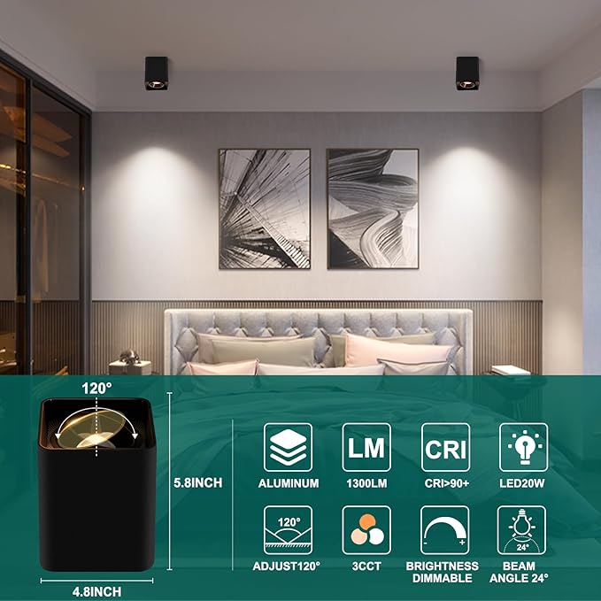 • 【Wide Application & Perfect Decoration】The white ceiling light fixture, 4.7" W x 5.9" H cylindrical shape give the 120° adjustable downlights fashion and art, perfect for Hallway, Entry, Mudroom, Stairwell, Closet, Kitchen, Dining Room, Bedroom, Living Room, also ideal for commercial areas: Bar, Cafe, Hotel etc. Whether you're looking to add a touch of sophistication to your home or simply want to upgrade your existing lighting, the cylinder ceiling spotlight is an excellent choice.
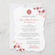 White/Red Cherry Blossoms/Sakura Spring Flowers And Simple 'Shou' (壽/寿) Longevity Symbol, Double-Sided, Chinese Birthday Invitation Flat Card.
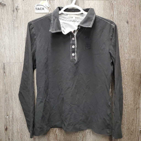 LS Polo Shirt, 1/3 Button Up *gc, faded, puckered trim & collar, hair, older?, seam puckers, curled collar end Iris Bayer Size: S
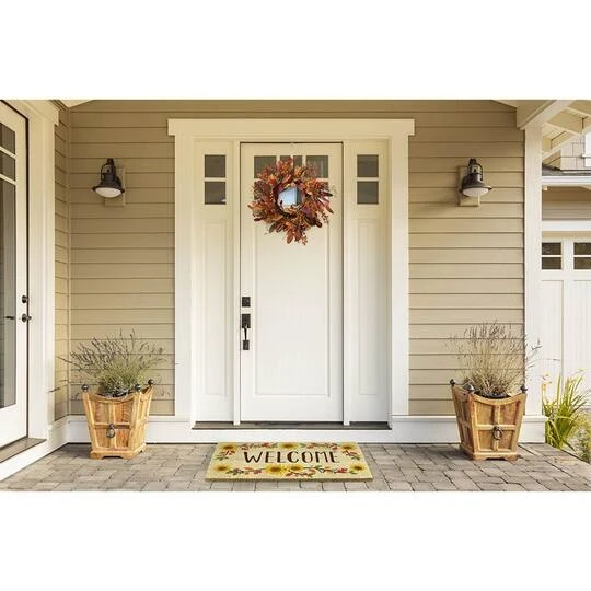 The natural fiber face provides the perfect surface for guests to wipe their shoes before entering your home. This doormat measures 18″ by 30″ and is 1/2″ thick to allow your door to easily pass over the mat without getting stuck. Use it on a patio, in a garage, laundry room, entryway, and anywhere there is high traffic from outside.
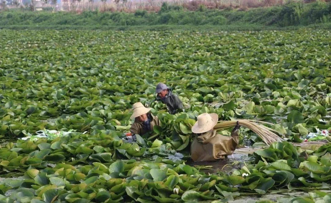 每年4月至10月是睡莲茎秆的采摘旺季,需要大量的劳动力。刘伟的睡莲基地每天都会聘请村民来采摘,一天收入130元。
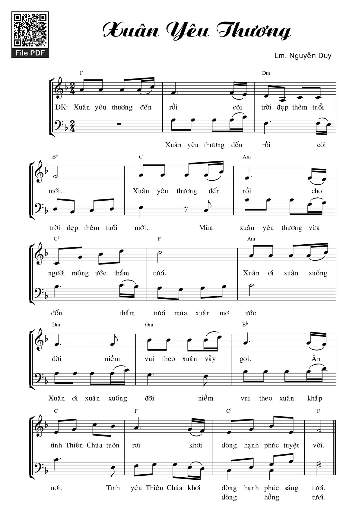Sheet nhạc có nốt Xuân yêu thương của nhạc sĩ Nguyễn Duy và file PDF nốt nhạc đăng lên đây nhằm giúp các bạn xướng âm cho đúng nốt và hát thêm hay, chỉ mang tính chất tham khảo, không có mục đích thương mại. Bản quyền thuộc về tác giả và tổ chức nắm bản quyền, Truongca.com không giữ bất kỳ bản quyền của nội dung nào cả. Các bạn có thể tải về bản PDF chất lượng cao, gồm khuông nhạc có nốt với đường link file PDF bên trên.
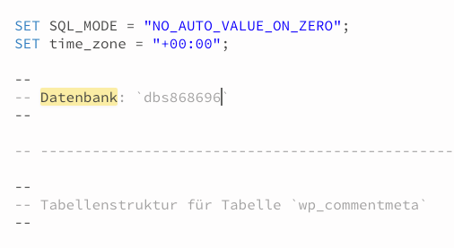 Alles markieren und in die Zwischenablage kopieren. Anschließend in einen geeigneten Texteditor z. B. "Dreamweaver" einfügen und als SQL Datei mit dem Namen "datenbank" speichern. In diesem Dokument mit der "finden Funktion" nach "Datenbank" suchen.
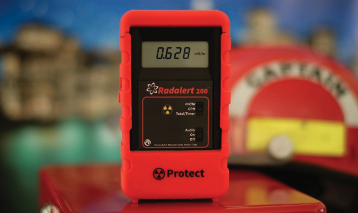 The Radalert 200 is a rugged solution for monitoring both ambient and elevated levels of ionizing radiation in challenging environments. Simplified user interface requires minimal training. Detects and measures alpha, beta, gamma, and X-radiation. Data is displayed in your choice of counts per minute (CPM), μSv/hr or mR/hr, or in accumulated counts. A red LED blinks and a beeper chirps with each count (can be muted). An audible alert sounds when the radiation reaches a user adjustable level.
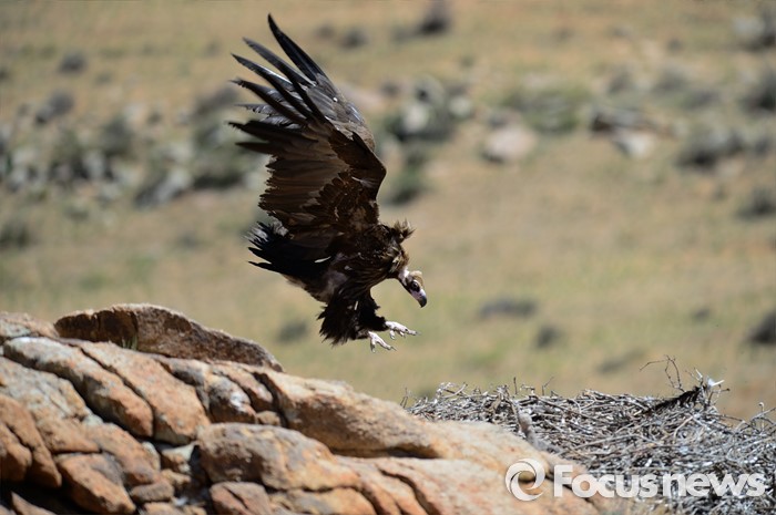 (바가 가즈링 촐로/몽골=포커스뉴스)먹이를 찾아 나섰던 독수리가 3시간 만에 새끼가 있는 둥지로 돌아오고 있다.
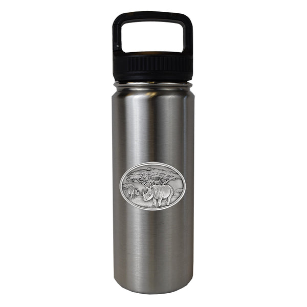 This 27 oz (800 mil) double wall stainless steel thermos is insulated and it is stainless inside and out. It is embellished with a fine pewter decorative casting. The lid has a screw on lid with a handle for easy transport.Heritage Pewter has been hand-crafting fine pewter gifts since 1988. We offer an array of pewter products, ranging from barware to wind chimes, golf clubs to coffee mugs.
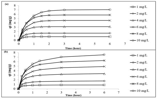 The same procedure as that used for the equilibrium study was performed in the kinetic study, except that in the kinetic study, the concentrations of Pb2+ were determined at a pre-determined time between 0 to 180 min. The two most popular kinetic models, i.e., the pseudo-first-order (PFO) [] (Equation (9)) and pseudo-second-order (PSO) [] (Equation (10)) models, were both applied as follows:
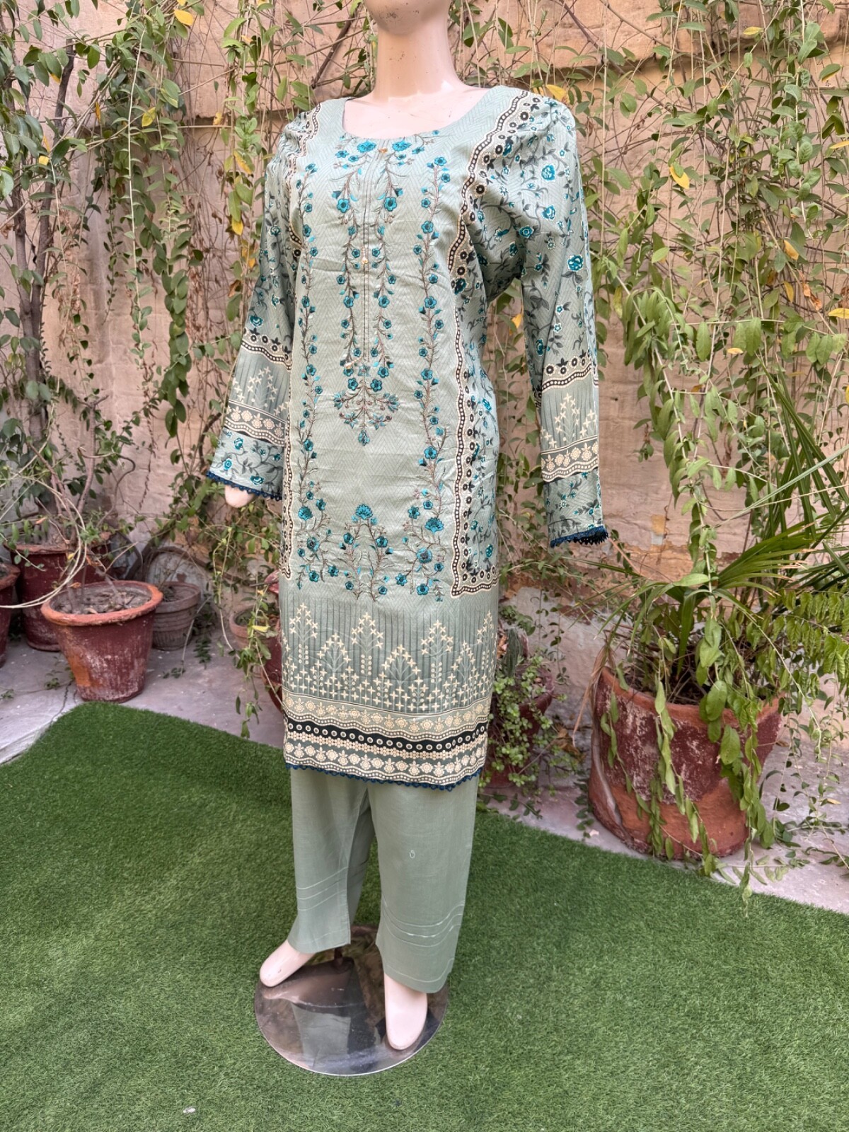 Pakistani Sage Green Printed Straight Shirt 3-PCS Lawn Suit w/ Threadwork ,XL #1
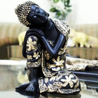 Black & Gold Thinking Buddha Statue – Resting Monk Figurine | Zen Meditation Decor for Living Room, Office Desk & Shelf | Spiritual Feng Shui Gift for Peace ₹ 1 ₹ 399
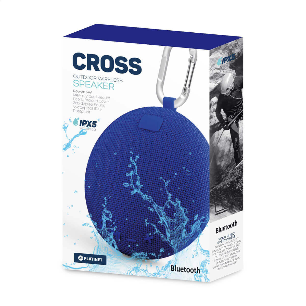 Platinet Speaker PMG14 Cross Bluetooth 5W IPX5 - безжичен портативен спийкър (с карабинер) за мобилни устройства (син)
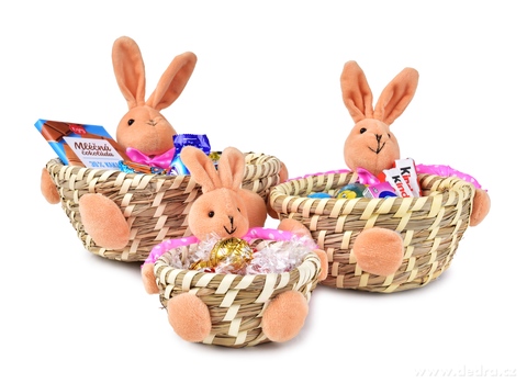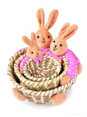 Krásná velikonoční dekorace z přírodní slámy a textilu, kterou můžeš dozdobit svazky dekorativní trávy nebo do ošatek připravit dobroty pro koledníky.
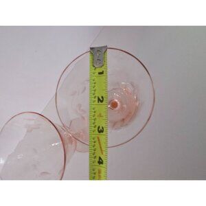 These elegant wine glasses feature a delicate etched floral design on a pink hue, adding a touch of sophistication to any table setting. Their vintage appeal and charming color make them a standout addition to glassware collections, perfect for evening gatherings or as a decorative piece in the home.
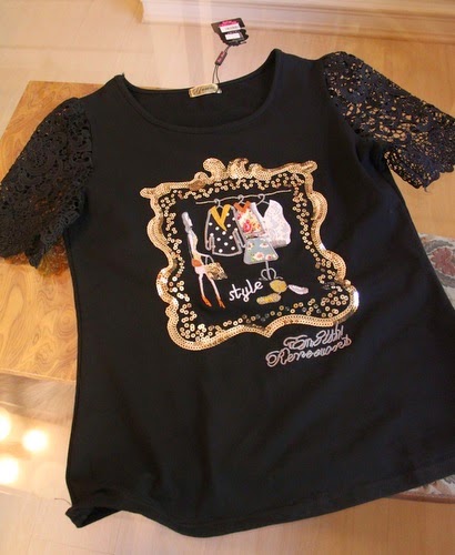 Também comprei uma blusa toda trabalhada nos paetês e rendinha nas mangas. Amei a blusa e já usei e abusei dela na minha viagem de férias. Paguei $ 32,00 dólares. Aliás, tinham várias roupas bacanas na S.A. Shop.
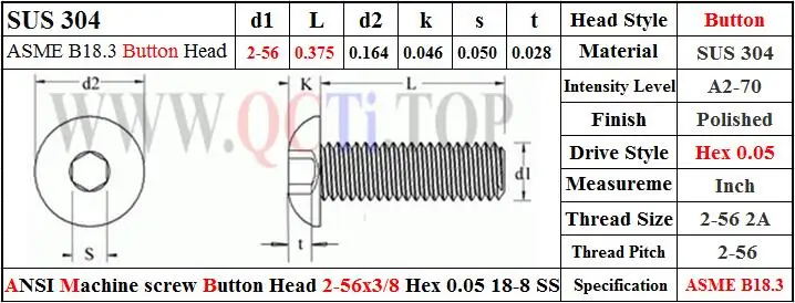 Винты из нержавеющей стали 2-56x38, шлифованная головка с шестигранным отверстием, ROHS, 100 шт.
============================================================
§ Action item
Start with the line with "每年4月至10月是睡莲茎秆的" in the listing above and stop after the line with "(바가 가즈링 촐로/몽골=포커스뉴스)먹이를". Write out exactly the lines in that stretch and no others, without pictures.

§ Answer to this task
 每年4月至10月是睡莲茎秆的采摘旺季,需要大量的劳动力。刘伟的睡莲基地每天都会聘请村民来采摘,一天收入130元。
Sheet nhạc có nốt Xuân yêu thương của nhạc sĩ Nguyễn Duy và file PDF nốt nhạc đăng lên đây nhằm giúp các bạn xướng âm cho đúng nốt và hát thêm hay, chỉ mang tính chất tham khảo, không có mục đích thương mại. Bản quyền thuộc về tác giả và tổ chức nắm bản quyền, Truongca.com không giữ bất kỳ bản quyền của nội dung nào cả. Các bạn có thể tải về bản PDF chất lượng cao, gồm khuông nhạc có nốt với đường link file PDF bên trên.
 Alles markieren und in die Zwischenablage kopieren. Anschließend in einen geeigneten Texteditor z. B. "Dreamweaver" einfügen und als SQL Datei mit dem Namen "datenbank" speichern. In diesem Dokument mit der "finden Funktion" nach "Datenbank" suchen.
 The Radalert 200 is a rugged solution for monitoring both ambient and elevated levels of ionizing radiation in challenging environments. Simplified user interface requires minimal training. Detects and measures alpha, beta, gamma, and X-radiation. Data is displayed in your choice of counts per minute (CPM), μSv/hr or mR/hr, or in accumulated counts. A red LED blinks and a beeper chirps with each count (can be muted). An audible alert sounds when the radiation reaches a user adjustable level.
 (바가 가즈링 촐로/몽골=포커스뉴스)먹이를 찾아 나섰던 독수리가 3시간 만에 새끼가 있는 둥지로 돌아오고 있다.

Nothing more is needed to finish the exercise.